Average house price rises to record high of £202,436 in April

Updated

House prices lifted to a new record high of £202,436 on average in April after a burst of housing market activity, an index has found.

Property values edged up by 0.2% month on month across the UK and by 4.9% annually, Nationwide Building Society said.

Estate agents had reported buy-to-let investors rushing to beat a stamp duty deadline on April 1 which saw the cost of the tax hiked by three percentage points for people buying second homes.

There have also been reports that this freed up some house-sellers to trade up, pushing up house prices higher up the property chain.

House price growth has slowed down slightly, however, compared with March, when property values increased by 0.7% month on month and by 5.7% annually.

Nationwide chief economist Robert Gardner said: "This slowdown returns the annual pace of house price growth to the fairly narrow range between 3% and 5% that had been prevailing since the summer of 2015.

"It may be that the surge in house purchase activity resulting from the increase in stamp duty on second homes from April 1 provided a temporary boost to prices in March.

"However, it is possible that the recent pattern of strong employment growth, rising real earnings, low borrowing costs and constrained supply will tilt the demand/supply balance in favour of sellers and exert upward pressure on price growth once again in the quarters ahead."

Mr Gardner said that looking at recent reports showing mortgage lending and house sales data, while there is evidence that buy-to-let mortgage lending increased sharply in March, a large proportion of the boost to house purchase activity also came from cash buyers.

He continued: "Cash purchasers have become a more significant part of the market since the financial crisis, accounting for around 35% of all transactions since 2008, compared with around 25% in 2006/7.

"Cash investors would have also been better placed to buy properties in the relatively short period of time between the stamp duty announcement at the November Autumn Statement and the implementation on April 1."

Looking ahead, he said: "House purchase activity is likely to fall in the months ahead given the number of purchasers that brought forward transactions. The recovery thereafter may also be fairly gradual, especially in the BTL (buy-to-let) sector, where a wealth of other policy changes, such as the reduction in tax relief for landlords from 2017 are likely to exert an ongoing drag."

Mr Gardner also said there is a risk that the recent stampede of people snapping up properties will make existing shortages of homes on the market worse.

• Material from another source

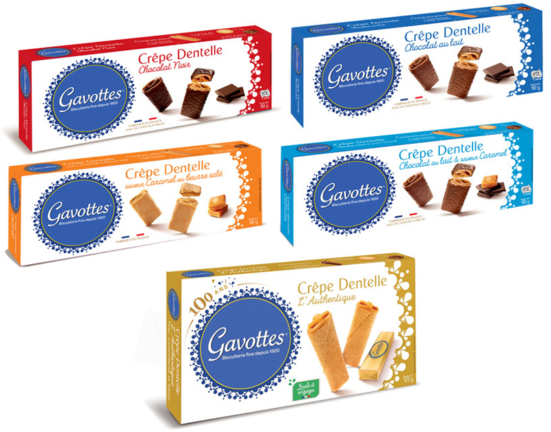 Aujourd’hui, les Crêpes Dentelle Gavottes® font craquer de plus en plus de gourmets séduits par la légèreté du biscuit, son croustillant, sa jolie couleur dorée et le bon goût de beurre qui le caractérise. Gavottes® s'est aussi imposée au rayon salé à travers des Crêpes Dentelle fourrées, aux recettes originales et audacieuses. La biscuiterie a également lancé des Pâtes à tartiner à la texture gourmande et croustillante grâce aux éclats de Crêpes Dentelle. Autant de créations qui font rayonner le savoir-faire unique de Gavottes® .

He said figures from the Royal Institution of Chartered Surveyors (Rics) have shown the number of properties on estate agents' books was already close to all-time lows, according to data going back to the late 1970s.

Commenting on Nationwide's report, Howard Archer, chief UK and European economist at IHS Global Insight, said: "Current increased domestic, economic and political uncertainties could also be reining in housing market activity, especially in the run-up to June's EU referendum.

"Consequently, house prices may well be softer for the next few months. Nevertheless, we still expect house prices to post relatively solid increases over 2016 as a whole - likely by around 5% on the Nationwide measure - with support coming from a relative shortage of properties as well as decent buyer interest."